Aim of the exercise
Repeat everything in the listing exactly, except for the images.
***** Source data *****
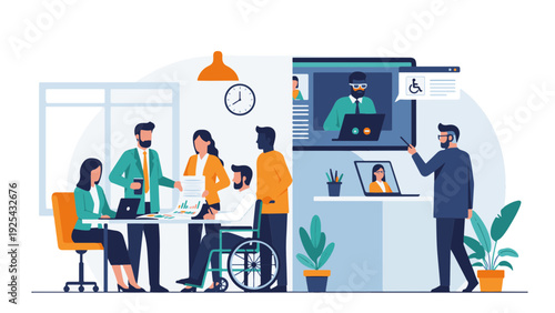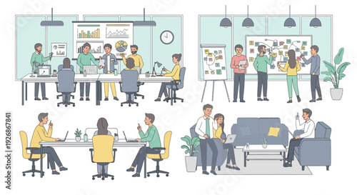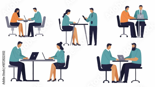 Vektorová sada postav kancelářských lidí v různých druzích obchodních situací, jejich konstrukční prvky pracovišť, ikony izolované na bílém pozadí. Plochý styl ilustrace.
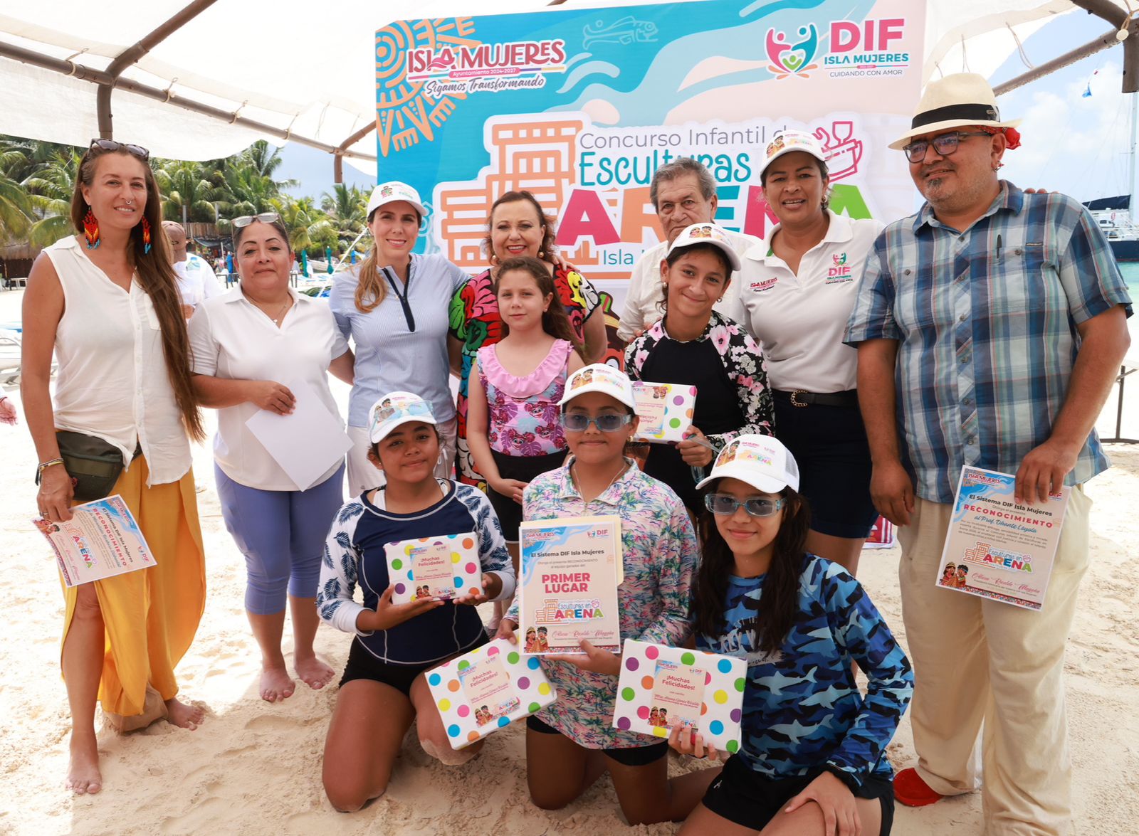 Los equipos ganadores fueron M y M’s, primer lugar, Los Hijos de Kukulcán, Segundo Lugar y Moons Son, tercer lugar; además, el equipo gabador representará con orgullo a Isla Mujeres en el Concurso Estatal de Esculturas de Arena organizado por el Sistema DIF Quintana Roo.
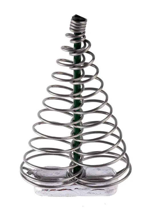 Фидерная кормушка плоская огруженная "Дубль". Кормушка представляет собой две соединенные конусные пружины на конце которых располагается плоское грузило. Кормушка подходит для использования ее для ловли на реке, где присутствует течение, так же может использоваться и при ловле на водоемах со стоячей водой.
*****
Response
 Vektorová sada postav kancelářských lidí v různých druzích obchodních situací, jejich konstrukční prvky pracovišť, ikony izolované na bílém pozadí. Plochý styl ilustrace.
 Los equipos ganadores fueron M y M’s, primer lugar, Los Hijos de Kukulcán, Segundo Lugar y Moons Son, tercer lugar; además, el equipo gabador representará con orgullo a Isla Mujeres en el Concurso Estatal de Esculturas de Arena organizado por el Sistema DIF Quintana Roo.
 Фидерная кормушка плоская огруженная "Дубль". Кормушка представляет собой две соединенные конусные пружины на конце которых располагается плоское грузило. Кормушка подходит для использования ее для ловли на реке, где присутствует течение, так же может использоваться и при ловле на водоемах со стоячей водой.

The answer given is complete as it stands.